Корепин не упрашивал повременить: бесполезно, ни к чему; он мрачно, ожесточенно раскаивался, казнил себя, что все п р и д у м а л, поторопился, решил, что выйдет и по придумке, без чувства, массированной атакой. «Идиот! – распекал он себя. – Куда ты гонишь, куда спешишь? Что, завтра жизнь кончается? Мордуют тебя все кому не лень, а ты до сих пор ничему не научился». Ему захотелось, чтобы Любочка ушла, и поскорей. Мало того, что осрамился сам – еще и над именем Светланы надругался, той самой, с которой у него все ладится и везде – в быту, в отношениях. Чего он ищет? Зачем раздваивается? Почему так боится свадьбы и бесповоротности, с нею связанной? Почему надо иметь непременно двух женщин, продублировать оба варианта, подстраховаться? Вот точное выражение – подстраховаться: от слова «страх». Надо быть мужчиной, мужиком, нести свой крест и не лезть в дерьмо. Он не презирал себя, но ему хотелось остаться одному, чтобы заняться самобичеванием, проанализировать причины проигрыша. Но странное дело: внутренне остервенился он – и поостыла Любочка. Уже одно то, что он ее не уговаривал, не удерживал (не малодушничал), а, еще недавно пристыженный и, казалось, уничтоженный, замуровался, – уже одно это заставило Любочку переменить первоначальное окончательное решение – уйти, хлопнув дверью. Хлопнуть дверью нетрудно, но будет ли от этого удовлетворение? Он ведь не остановит, вот что обидно. Она меланхолично, но с достоинством поруганной одевалась и уже оправдывала его: Ну, перенапрягся, с кем не бывает, нынче все психи… Лучше всего покурить, пока он очухается.
Она подошла к темному окну и закурила.
Корепин решил, что надо попробовать ее прогнать (сохранить собственное достоинство), хотя где-то в глубинах сознания уже блуждала надежда, что если она останется, все еще можно поправить. Конечно, она груба, но есть что-то необходимое и спасительное в сближении двух людей с подавленными инстинктами. Близости нет и не будет, но необходимее, чем горькие издевки над собой, нужна победа, выбор на развилке дорог – обеих: по одной идти, а другою, параллельной, дорожить и утешаться. Первый раунд игры закончился, начался второй; исход заведомо известен – ничья, но с обоюдным моральным удовлетворением. Оба чувствовали, что, несмотря на их схожесть, их взаимно притягивает неведомая сила, которой лучше подчиниться. И все же Корепин был зол, как черт. Завернувшись в простыню, он встал, закурил и с вызовом и сарказмом (дескать, убирайся, если хочешь) спросил:
– Ну?..
– Слушай, ты можешь достать бразильский кофе, баночку или две? – спросила Любочка совершенно, но наигранно спокойно, не отходя от окна и не реагируя на враждебный тон.

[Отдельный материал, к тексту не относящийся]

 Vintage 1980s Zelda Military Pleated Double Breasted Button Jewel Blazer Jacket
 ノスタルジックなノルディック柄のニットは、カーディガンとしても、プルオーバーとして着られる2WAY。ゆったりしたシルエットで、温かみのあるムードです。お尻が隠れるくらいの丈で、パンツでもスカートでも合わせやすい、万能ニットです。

– Нет, – так же спокойно ответил Корепин, наливая вина себе и Любочке.
– Жаль, – сказала она довольно равнодушно: жаль, что ты не способен достать кофе, жаль, что ты такой жалкий человек.

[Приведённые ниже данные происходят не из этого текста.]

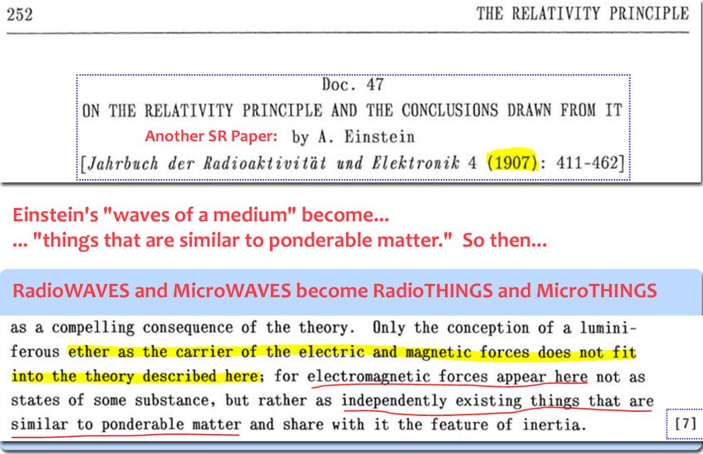 Then next step is combining this erroneous "electron particle" theory concept with the grand mistake of removing Maxwell's electromagnetic wave medium by Einstein in Special Relativity:

На языке Корепина вертелся саркастический вопрос: ну что, попробуем еще раз? – но он почувствовал, что если задаст его, то окончательно уронит себя в ее глазах. Самое главное сейчас заключалось в том, чтобы попытаться еще раз преодолеть взаимную чуждость, терпеливо и доброжелательно, не травмируя ни себя, ни ее. Он подошел к Любочке, дружелюбно протянул бокал и хотел было дружески улыбнуться, но она взглянула на него холодно и надменно, возводя новый барьер. И все же, опять без желания, взламывая этот барьер, настырный, настойчивый, жалкий, Корепин снова обнял Любочку, призывая (усилием воли и ума) столь необходимое в эту минуту эротическое воображение – яркую картину победы над слабой женской волей. Увы! Тщетно! Внешне податливая и готовая, Любочка – с ее абсолютно отрешенным, холодным, бесчувственным, как маска, лицом – внутренне н е в е р и л а, не поощряла его, хотя и отдавала себя в полное его распоряжение. Это было какое-то мучительство, неописуемая взаимная страдальческая мука – достучаться, пробиться сквозь затворы, опробовать запасной вариант, тот, в котором оба катастрофически нуждались…
И они не расстались, пока не достигли этого.

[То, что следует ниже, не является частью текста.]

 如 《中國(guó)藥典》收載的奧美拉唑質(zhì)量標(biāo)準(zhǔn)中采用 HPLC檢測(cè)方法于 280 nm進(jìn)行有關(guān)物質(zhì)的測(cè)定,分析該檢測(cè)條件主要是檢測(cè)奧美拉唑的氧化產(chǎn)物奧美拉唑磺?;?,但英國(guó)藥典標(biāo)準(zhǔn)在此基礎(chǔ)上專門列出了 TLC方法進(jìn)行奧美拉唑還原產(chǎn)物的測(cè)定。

Вялый, веселый и пустой, не излучающий ни единого флюида, Корепин равнодушно проводил Любочку, признательную, впавшую в какую-то детскую дурашливую веселость, посадил на электричку и с чувством удовлетворения вернулся на дачу. На следующий день ему снова захотелось, чтобы она приехала, и когда, телепатически улавливая его желание, она в ту же минуту позвонила и спросила, не хочет ли он ее повидать, он, уже внутренне допускавший, что она о нем забыла, ответил утвердительно, с достоинством помешкав. Когда он положил телефонную трубку, Ле Корбюзье ему стал неинтересен.
«Я скотина», – подумал он о себе.
Свадьба Корепина и Светланы состоялась в срок.
©, Алексей ИВИН, автор, 1979, 2007 г.
Алексей ИВИН
Зеленый островок
И вдруг Вьюнов понял, а точнее – чувствуя, что они чего-то ждут от меня, угадал, чего именно.
– А не поехать ли мне с вами? – спросил он.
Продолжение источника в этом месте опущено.